Up and out to catch the ferry.

The “dock” at the end of the beach

good morning, sunshine!

Gorgeous cove on the Sougia coast

Here’s the ferry!

Lovely family photo — just happy to be underway. No turning back now!
It’s peaceful and beautiful

Perfect blue water
Pulling in to shore — ready to to hike

They are off!

This is the life
food and drinks make for a happy girl

We had the place to ourselves from 10 am until after 2 or 3pm when the hikers all made their way to the beach. 

beautiful black pebbly sand
We had our pick of chairs
I had a book, a notebook and pen, and my girl. A perfect day at the beach. 

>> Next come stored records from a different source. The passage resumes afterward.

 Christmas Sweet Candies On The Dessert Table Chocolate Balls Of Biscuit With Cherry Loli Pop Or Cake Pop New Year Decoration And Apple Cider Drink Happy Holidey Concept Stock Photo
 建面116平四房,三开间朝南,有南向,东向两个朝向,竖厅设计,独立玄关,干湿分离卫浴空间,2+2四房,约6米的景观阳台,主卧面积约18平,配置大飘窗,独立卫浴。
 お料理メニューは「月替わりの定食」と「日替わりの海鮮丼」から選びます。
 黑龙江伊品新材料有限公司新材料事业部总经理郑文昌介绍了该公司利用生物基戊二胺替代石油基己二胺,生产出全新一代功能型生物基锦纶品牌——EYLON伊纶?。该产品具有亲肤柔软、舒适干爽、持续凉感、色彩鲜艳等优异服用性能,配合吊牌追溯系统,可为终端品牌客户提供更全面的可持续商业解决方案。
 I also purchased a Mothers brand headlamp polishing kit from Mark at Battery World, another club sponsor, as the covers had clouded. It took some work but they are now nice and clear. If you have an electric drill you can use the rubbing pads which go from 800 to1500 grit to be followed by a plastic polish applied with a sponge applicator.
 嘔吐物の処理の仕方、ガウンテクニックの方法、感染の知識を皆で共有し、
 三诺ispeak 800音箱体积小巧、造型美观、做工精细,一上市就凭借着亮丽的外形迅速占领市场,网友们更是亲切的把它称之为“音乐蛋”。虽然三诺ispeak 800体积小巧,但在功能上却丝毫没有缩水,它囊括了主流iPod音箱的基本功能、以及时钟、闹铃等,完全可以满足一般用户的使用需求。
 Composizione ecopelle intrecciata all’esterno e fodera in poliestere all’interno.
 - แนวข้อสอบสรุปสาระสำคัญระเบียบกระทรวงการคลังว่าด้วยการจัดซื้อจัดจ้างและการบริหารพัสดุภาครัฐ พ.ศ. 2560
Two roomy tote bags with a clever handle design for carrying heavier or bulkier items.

Walking the coast. I’m happy I didn’t miss this day by playing it safe and staying at home.
They made it back from the gorge and cooled off in the water. The restaurant had kayaks that we were able to borrow. 

I would do this every day if I could. 

I think the hike wore them out

Time to head home. I can definitely recommend the gorge hike “the lazy way.” 

A walk back to our hotel and then down the road for dinner. The town of Sougia is 1 main road and a waterfront. 

Another excellent dinner to end our adventure. Tomorrow we head back to civilization and prepare to fly home.